Historic building in New York, United States

The Rosendale Library, formerly the All Saints' Chapel, is located on Main Street (NY 213) in Rosendale, New York, United States. It was originally built as a Gothic Revival Episcopal church from locally mined Rosendale cement, a material which covers the stonework exterior walls.

After floods from nearby Rondout Creek damaged the building in the mid-1950s, the church abandoned it. It also survived a fire in the mid-1970s. A newly formed local library district was created to restore it for use as a library. In 1986 it was added to the National Register of Historic Places.

==Building==
The chapel is a one-story two-by-five-bay building with a rectangular chancel.
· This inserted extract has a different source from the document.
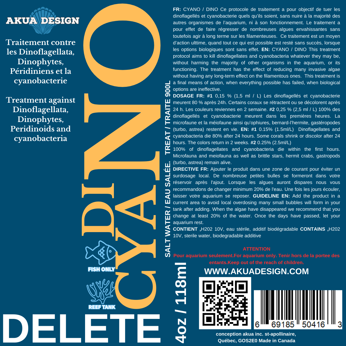 CYANO / DINO Ce protocole de traitement a pour objectif de tuer les dinoflagellés et cyanobacterie quels qu'ils soient, sans nuire à la majorité des autres organismes de l'aquarium, ni à son fonctionnement. Le traitement a pour effet de faire régresser de nombreuses algues envahissantes sans toutefois agir à long terme sur les filamenteuses. Ce traitement est un moyen d'action ultime, quand tout ce qui est possible est resté sans succès, lorsque les options biologiques sont sans effet

Its walls are uncoursed cement rock rubble laid in Rosendale cement, with some embellishments and flourishes at windows and doors. A fire in the mid-1970s required the replacement of much of the original interior decoration, although the original wood ceiling is intact. All but two of the stained-glass windows had to be replaced as well. The building was designed to hold 150 people.
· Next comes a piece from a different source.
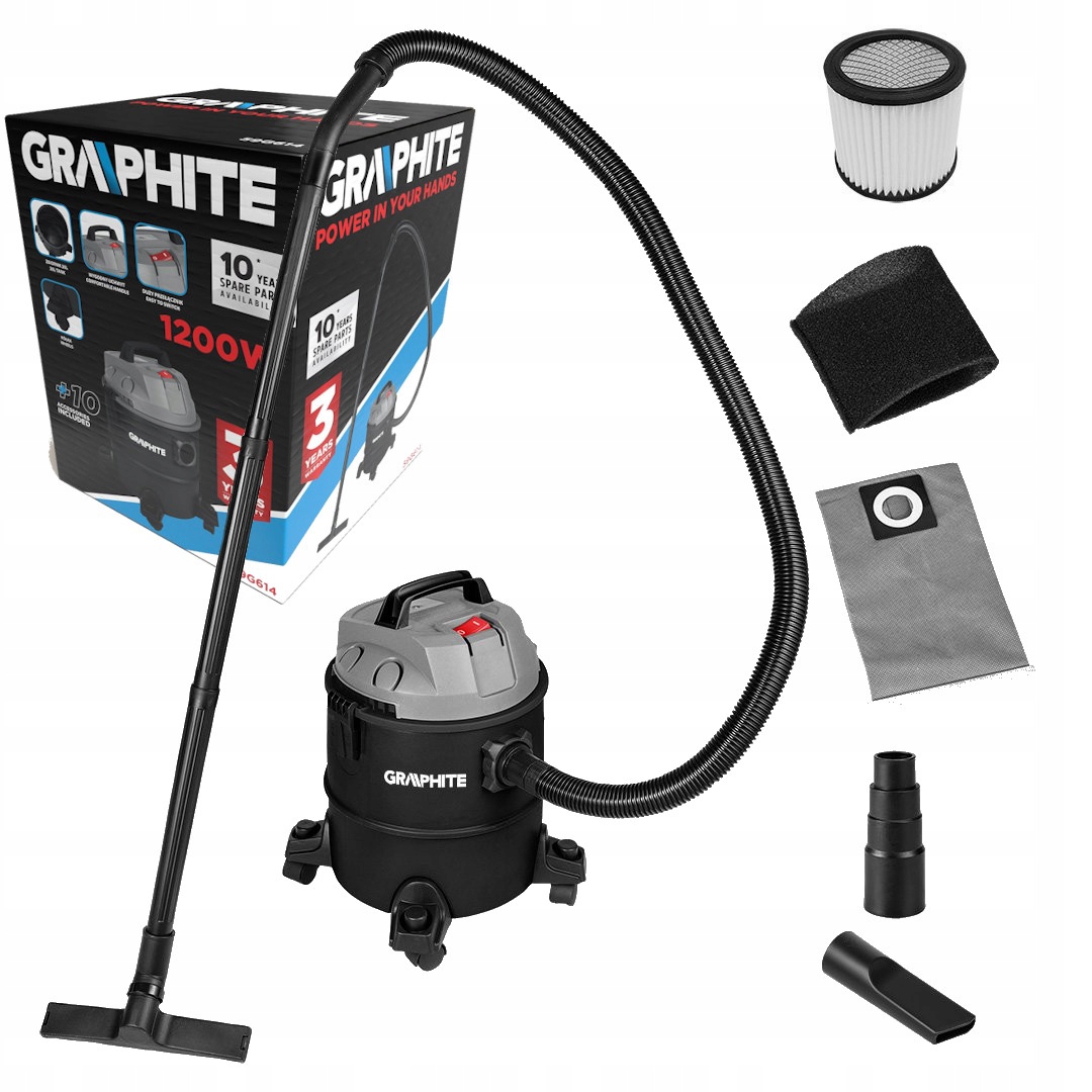 Akumulatorowy odkurzacz warsztatowy Graphite Energy+ 18 V to wszechstronne urządzenie do czyszczenia na sucho i mokro, zaprojektowane z myślą o użytkownikach ceniących mobilność i wygodę. Wyposażony w bezszczotkowy silnik, odkurzacz działa w systemie Energy+ marki Graphite, umożliwiając korzystanie z akumulatorów litowo-jonowych o pojemności 2 Ah lub 4 Ah (rekomendowana pojemność 4 Ah zapewnia do 21 minut pracy).

On the exterior, the most prominent feature is the steeply pitched gable decorated with a scroll-sawn triangular insert with a central quatrefoil and three surrounding trefoils. The slate roof tiled in a decorative pattern of scallops and flowers. A small entrance vestibule and vestry are located on opposite ends of the east wall. On the west is a hexagonal spire paneled in a simple Gothic motif down at the base and louvered at the top, and a four-by-two-bay, architecturally sympathetic wing added in the 1970s, not considered contributing due to its lack of age.

==History==

The opening of the Delaware and Hudson Canal in the late 1820s triggered rapid growth in Rosendale, as in other communities along its route. In 1874, St. Peter's Episcopal Church in nearby Stone Ridge established St. John's Mission to serve worshippers there, and within two years it had grown enough to warrant its own chapel. Two thousand dollars was raised, and the building was built in 1877. The name of the mission was changed to All Saints'.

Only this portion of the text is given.